How the depth of contig was calculated?
Issue #35
resolved
Hi, Is there any where I can know how the depth of contig coverage was calculated
Comments (3)
-
-
- changed status to resolved
-
Hi thanks to your prompt reply. I am some confused about what's the formula used to calculate the contig depth. In samtools, I can use command:
samtools depth k119_4_sorted.bam >d1.txt
to generate the depth of each site. and if I use metabat, I used the following command to generate the contig depth:
jgi_summarize_bam_contig_depths --outputDepth d2.txt k119_4_sorted.bam
Initially I thought the average depth of each site(from samtool) will be the contig depth.

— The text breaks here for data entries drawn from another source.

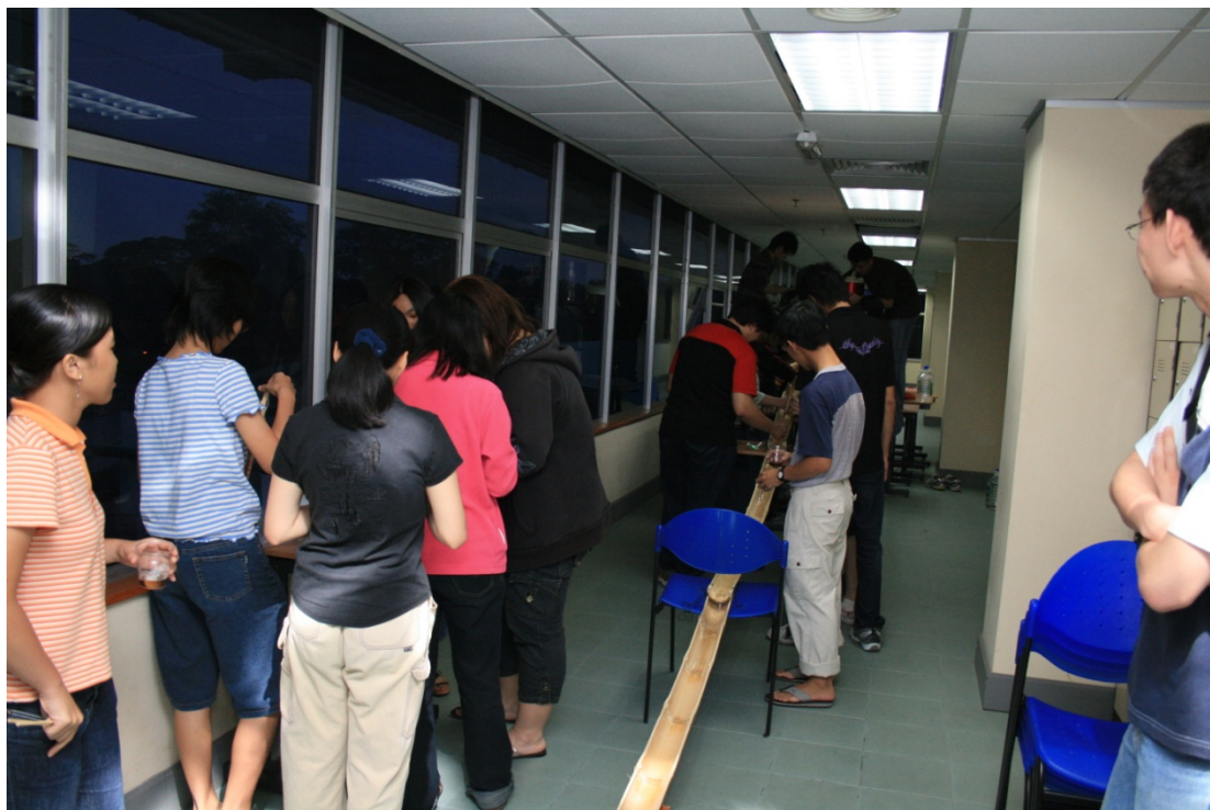
New and current members waiting for the flowing noodles
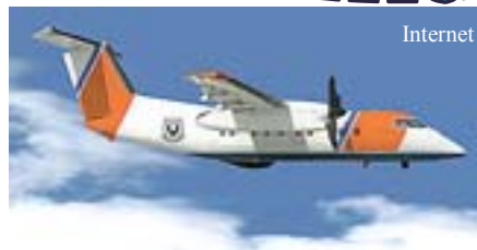
New long-range DHC-8s for the CG

The Ministry of Defense announced that two De Havilland DHC-8 aircraft will provide coast guard coverage in the Caribbean area beginning late 2007. A Canadian company, Provincial Airlines, will supply the airplanes and pilots. The Dutch Royal Navy and the Coast Guard will supply the tactical crew. The aircraft will also be available for emergency situations. The contract is valued at more than $100 million and is paid for from the budget of the Dutch Ministry of Home Affairs and Kingdom Relations. They will replace the present Fokker military aircraft.
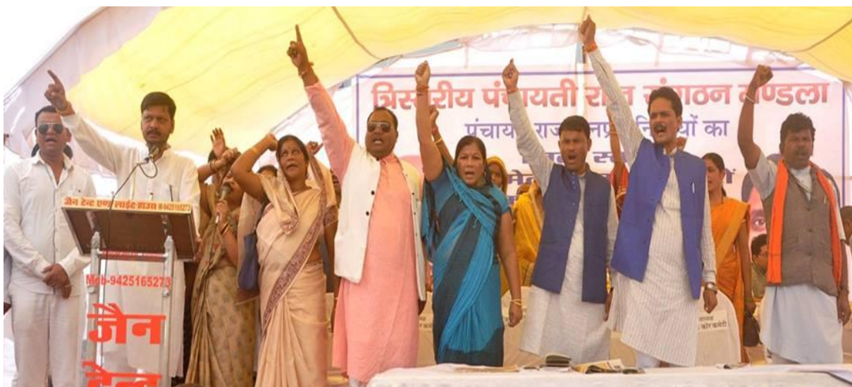
Cheers to Panchayati Raj
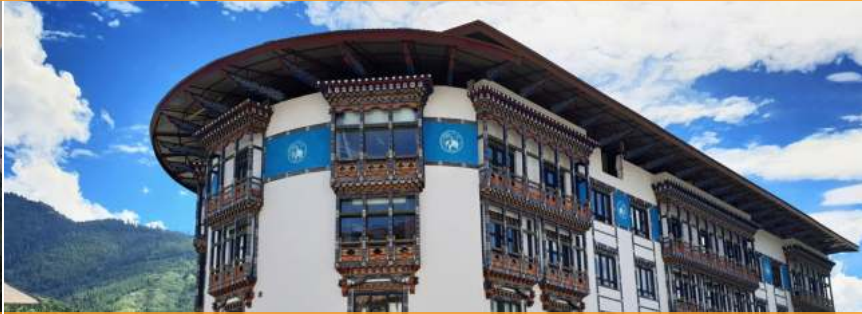
@5* DusitD2, Thimphu
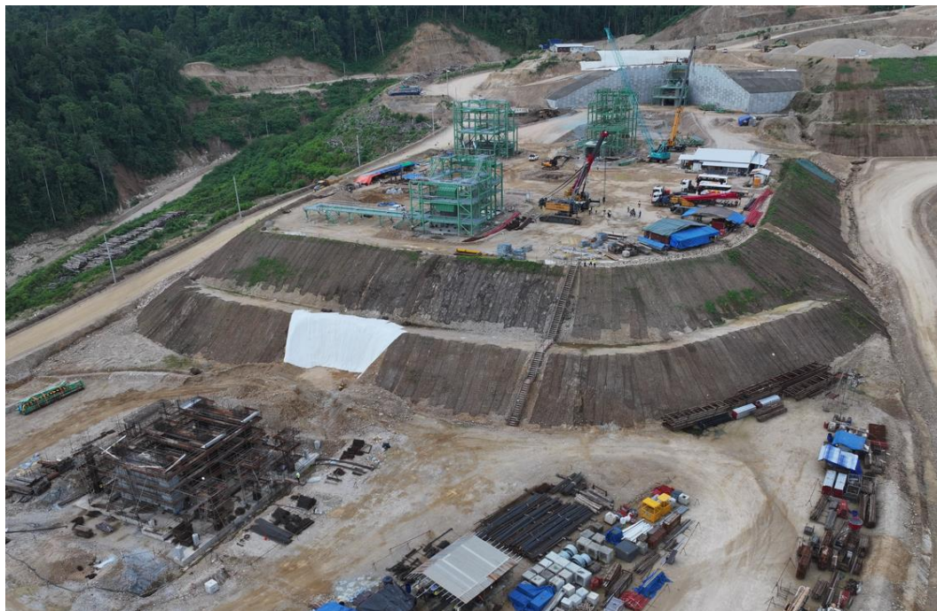
Figure 3: Ore processing plant construction
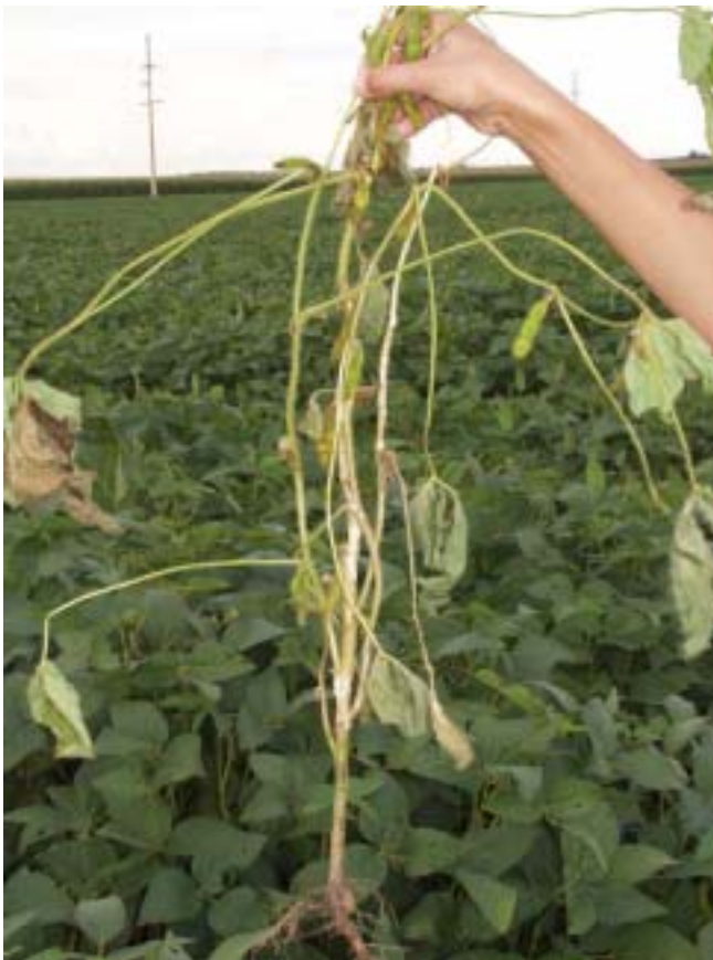
Fig. 1. Soybean plant with white mold infection. Leaves are heavily wilted.

Yield reduction depends on when white mold first affects a soybean plant. A girdling stem lesion largely prevents movement of water and nutrients from the root system to the foliage. If the soybean has not

awk '{sum+=$3}END{print sum/329}' d1.txt
However, it's not true. Can you help me to figure out where it goes wrong?
Thanks, Yun
- Log in to comment
Hi,
There are a couple of factors that are used (by default) to improve the depth coverage estimate. The depth per contig calculations are calculated by the jgi_summarize_bam_contigs_depth program in the MetaBAT distribution that can be invoked independently.
Here are the options to that:
But basically the depth is calculated for every read that maps with >=97% identity to the assembly scaffold : (i.e. matches / (matches + mismatches + insertions + deletions) >= 0.97)
And the edges of a contig are excluded (1 average-read-length from either end)
-Rob